We only get to the real issue of possibility when we ask how things are “given” – where does “what’s actual” come from? As you know, the traditional idea – “causality” in its many forms – is that what’s given comes from something that was given previously (“initial conditions”), and on what’s ultimately given (e.g. “laws of physics” or “principles of logic”). The given actuality is taken as fundamental, and possibility as merely a derivative notion.

Now it’s easy to assume that something must just be “given” at the bottom of things – i.e. there must be something we just have to take for granted. Back to the earliest philosophers, the goal of philosophy and science has always been to identify this ultimately given reality. But going almost as far back, in our tradition, is the sense that there’s something else going on, in the dynamics of how things come into being, that shouldn’t be taken for granted.

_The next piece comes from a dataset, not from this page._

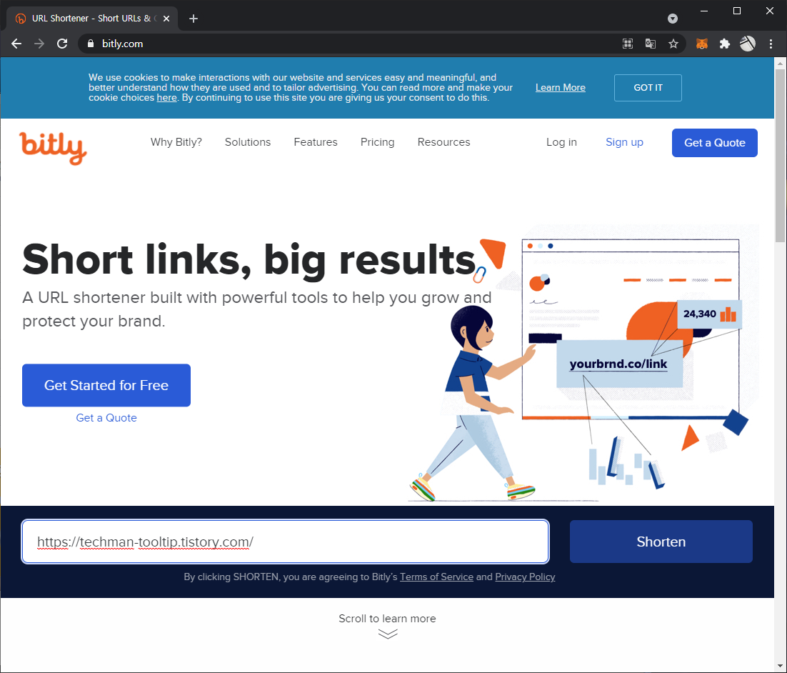 이전에 편하게 사용했던 URL 단축 사이트로는 구글의 주소줄이기로 사용된 goo.gl 사이트와 bitly 웹사이트가 있었습니다.

I know you are very alive to this undercurrent in the intellectual tradition – at least, that’s how I understand your going back to Anaximander’s apeiron and your description of what’s ultimately given as “vagueness” or “pure potentiality”, in other threads. To me, this kind of language points to a deep challenge that philosophy has yet to meet. Essentially, we want to describe a world in which how things become possible is at least as fundamental as what they actually are, as given fact.

Now we already have, in evolutionary biology, a well-established science that works in these terms. Practically speaking, in biology “causation” has been entirely replaced by the notion of the conditions under which random accident can give rise to complex structure. And there are many indications that a similar approach is needed in physics and cosmology. But IMHO, philosophy has lagged behind. Heidegger made a strong beginning in Being and Time, but since then there’s been little or no progress toward an ontology in which the structure of possibility plays a fundamental role.

You’ve been eloquent in other threads on the “anticipatory” nature of conscious awareness – which was also a central theme in Being and Time. We can be conscious of “what’s actually there” in the world around us, because our brains are constantly projecting “what might be there” in advance. So in a sense, our deepest layer of experience is “made of” possibility – as opposed to the traditional data-processing model of awareness.

I think of existence as a dialectic between possibility and actuality, each with their own distinct structures. Things can only become actual in a context of relationships that makes that actuality possible; and then what they actually become makes new relationship-contexts possible. “Possibility” in this sense is very different from “logical” possibility – it’s a fundamental aspect of the complex concreteness of what happens in this world as it evolves.

20. Oct 25, 2009

### vectorcube

What has this to do with logical possibilities?

Not ture. Something might be a priori, but false, because it is a posteriori necessary true.
If you don` t understand, then you merely need to ask.